At times as we speak he seems to power down, absorbing my questions then pausing an almost uncomfortable age. With his white shock of hair he resembles Rutger Hauer in Bladerunner; head down. ‘time to die.’ But then he resurrects himself, looking up before delivering a perfectly measured answer. The moment this goes out of the window, when animation overcomes the training, is when he talks of Fellini“[He] was a great hero of mine, and also he was one of the lads. I had a similar relationship with Fellini that I’d had with [William] Wyler [Who directed him in The Collector], except when I went to work with Fellini I was 27 and was at an age where I could appreciate him more. I never really appreciated Wyler in the way that I was able to appreciate Fellini. The idea that Fellini had chosen me, admittedly after O’Toole, but he had decided that I was good enough to play a leading man and I was the first English actor to play a lead for Fellini.” 

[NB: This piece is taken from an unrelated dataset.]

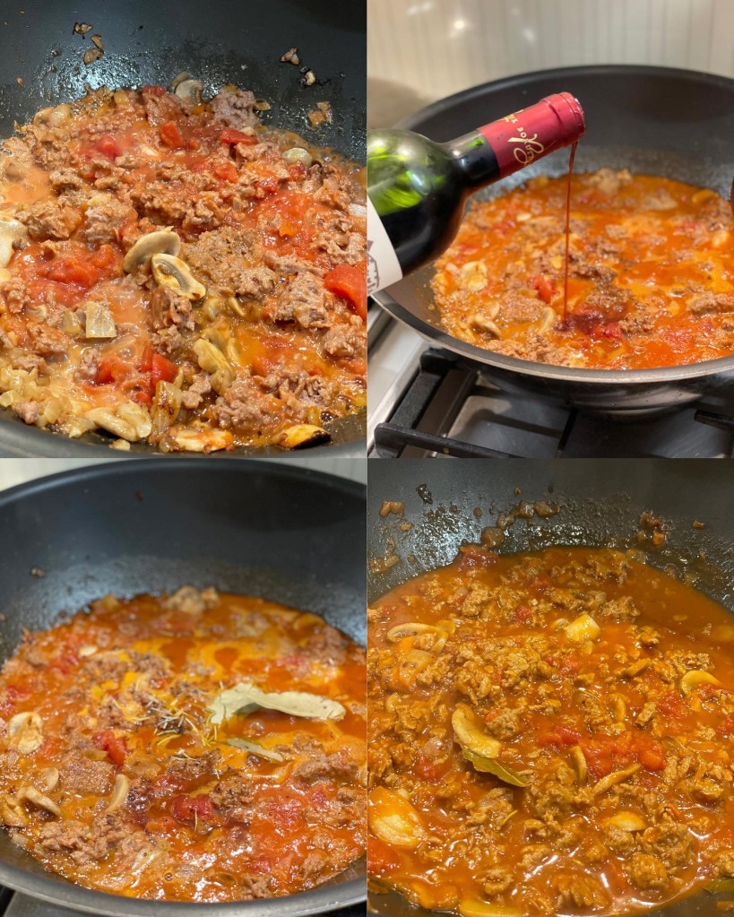 3) 加入月桂葉、香草、vegetable soup、茄汁、紅酒、糖、鹽及黑胡椒煮滾,然後轉小火煮15-20分鐘至濃稠,月桂葉拿走

Of course he’s also worked with modern greats like Bryan Singer and Steven Soderbergh; a ‘seize the day’ kind of guy, it seems: “That’s Soderbergh’s nature, he’s the camera, he feels it through the lens. So The Limey was only ever single takes. Except for that one big speech where the wonderful Bill Duke says [affects American accent] ‘What the fuck are you talking about?!’ ” 

He can honestly begin a sentence with “What Brando said to me was that...” and has bellowed "kneel before Zod!” in Superman’s face. A man of many seasons; of sixties heyday pomp and seventies retreat. Of the blockbuster bonanza of the 80s and 90s and now, with his cracked granite performance in Song for Marion, proving to be a vital artist to this day. Legacy is a strange thing. Once you’ve built one you‘re presumably at an age to lament it. Yet for Stamp it is simple, “If Song for Marion were my last performance, I would rest easy with that.”